A good example is showing the CEO of an online Cloud gaming platform a rise in monthly subscribers since updating their network in chart format. This is much simpler to understand and much more effective than presenting him the information as numbers on a page.
- 3. Quicker understanding of insights and data
As we have noted already, the human brain is hard-wired to enjoy visually presented information and take it in much more quickly. For example, it is much quicker to pick up what a poster is telling you compared to reading a few pages of a text document with the same data.
This has real benefits in the business world, where people are often busy with their own roles and might not have much time to discuss any insights data analysis has thrown up. By using data visualization, analysts can show others their findings in the most efficient way. This can prove especially useful when speaking with senior figures, who might only have a few minutes to look through what you have found.

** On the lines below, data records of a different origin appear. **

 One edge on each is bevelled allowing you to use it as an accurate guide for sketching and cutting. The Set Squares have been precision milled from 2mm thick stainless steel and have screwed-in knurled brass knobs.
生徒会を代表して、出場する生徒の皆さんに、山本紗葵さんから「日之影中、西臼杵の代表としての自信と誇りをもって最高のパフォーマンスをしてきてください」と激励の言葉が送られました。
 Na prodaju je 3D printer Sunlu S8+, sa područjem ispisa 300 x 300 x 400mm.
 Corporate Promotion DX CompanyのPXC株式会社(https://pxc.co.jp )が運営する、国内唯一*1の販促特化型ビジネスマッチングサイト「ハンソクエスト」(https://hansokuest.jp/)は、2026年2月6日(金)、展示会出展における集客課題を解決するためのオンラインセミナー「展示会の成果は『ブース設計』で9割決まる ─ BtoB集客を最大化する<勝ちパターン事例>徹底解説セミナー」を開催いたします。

Best practices in data visualization
To get the above benefits from using data visualization as an analyst, you need to employ best working practices in this field. But what might they be?

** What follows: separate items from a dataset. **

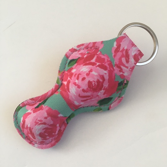 NWOT lipstick / chapstick keychain holder accessory. I have one of each design in photo. Does not come with chapstick or lipstick, just the keychain. Photo with chapstick is to show the typical size that fits. Made of Neoprene. New without tags, never used, handmade. Pink, blue green designs. Great for friend, teacher, or bridesmaid gifts!
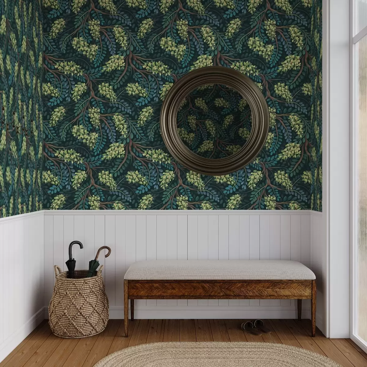 Papel de parede Galhos com inflorescências esverdeadas sobre fundo escuro a00786
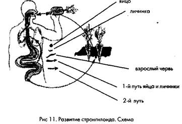 Во внешней среде личинки развиваются во взрослых самцов и самок. Самки после оплодотворения откладывают в почве яйца, из которых выходят рабдитовидные личинки. После линьки они превращаются в филярие-видные личинки. Если личинки, вышедшие из яйца, задерживаются в кишечнике (запоры) свыше 24 часов, они превращаются в филяриевидных личинок без выхода во внешнюю среду. Эти личинки проникают в капилляры кишечной стенки и после миграции превращаются во взрослых червей. Личинки проникают в человека через рот, через кожу. И прежде чем они станут половозрелыми паразитами, они мигрируют по большому и малому кругу кровообращения (рис. 11).
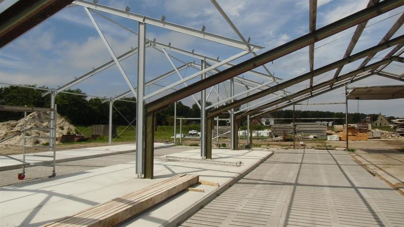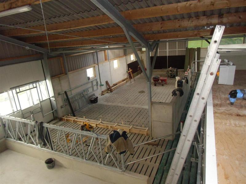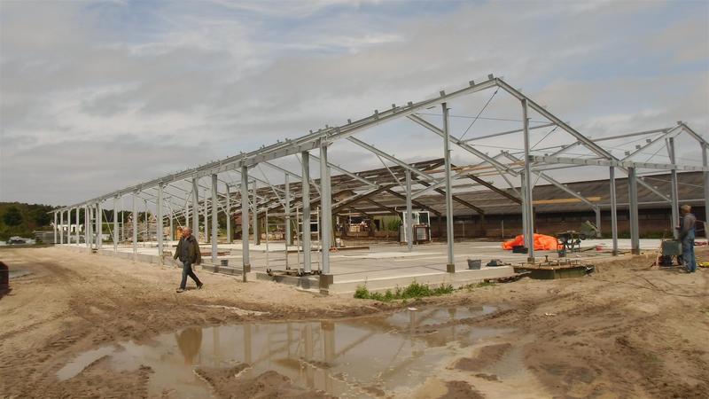 Aan de Dorpsstraat te Hoorn Terschelling is medio maart opgestart met de sloop van de bovenbouw van een voormalige geitenstal. Enkel de spanten en gordingen blijven overeind. De 3 voorste spantvakken (technische ruimtes en voormalige melkstal geiten ) worden geheel incl de funderingen verwijderd. De stal wordt aan de zijkant uitgebreid met een nieuwe kap op betonnen mestkelders en loopgangen + boxdekken. Aan de voorzijde wordt de stal uitgebreid met weer 3 spantvakken voor 2 melkrobots- separatieruimte+ stroboxen + de nodige technische ruimtes. De vloeren worden voorzien/ vervangen voor GroeneVlag(emissie-arme) vloeren. De nieuwe stal bied straks plaats aan ruim 120 stuks melkvee.  De opbouw is van thermisch verzinkte spanten en houten gordingen, Eternit golfplaat en damwand topgevel met zetwerk boeien. Rondom worden de muren nog traditioneel gemetseld. Kopgevels in spouwmuuruitvoering. Binnenwanden van Bia-betonblokken lijmwerk en gestucadoord. Buitenkozijnen en ramen van kunststof. Schuifdeuren aan voorgevel zgn AV-40-deuren ( sandwich paneel met glassectie)

A key thing to consider is setting the context around the data you have visualized and what it is showing. It is a good idea to provide your audience with general background on the data and why you have been analyzing it first, for example. This helps them understand what they are being shown and why they need to take note of it.
It is also key to know your audience well before presenting data visually to them. This enables you to use the right visualization tools for the right audience to achieve the best results. If you are showcasing your analysis to a VP of marketing who hates pie charts, it is not a good idea to use these when discussing things with them!
What else should you know when using data visualization?
It is also essential to choose the most suitable visual medium for what you are trying to show or for the right type of dataset. This can be useful not only in presenting data to others but also when using visualization to help you spot patterns. Line graphs, for example, show time series information effectively, so it is best to use this type of visualization tool if this is the dataset you are reviewing.
Another great tip when it comes to data visualization is just keeping it simple. It is easy to get carried away and add too much detail to your charts, graphs, or posters. This can leave them cluttered, hard to read, and tough to draw key insights from. By keeping it simple, you avoid this and make visual data much easier to work with.
Data visualization is important for data analytics
Data analytics is key in the modern business world and a career path that is becoming more popular by the day. With the demand for data analysts being driven by the useful insights they pull from company data, you can see why this is true. This trend should continue as data becomes increasingly vital in business.
Data analysis, though, is only effective if you can show the data which has been reviewed and any findings from it in an easy-to-understand manner. For this reason, data visualization is very important within analytics and a key skill anyone working in this field should know about.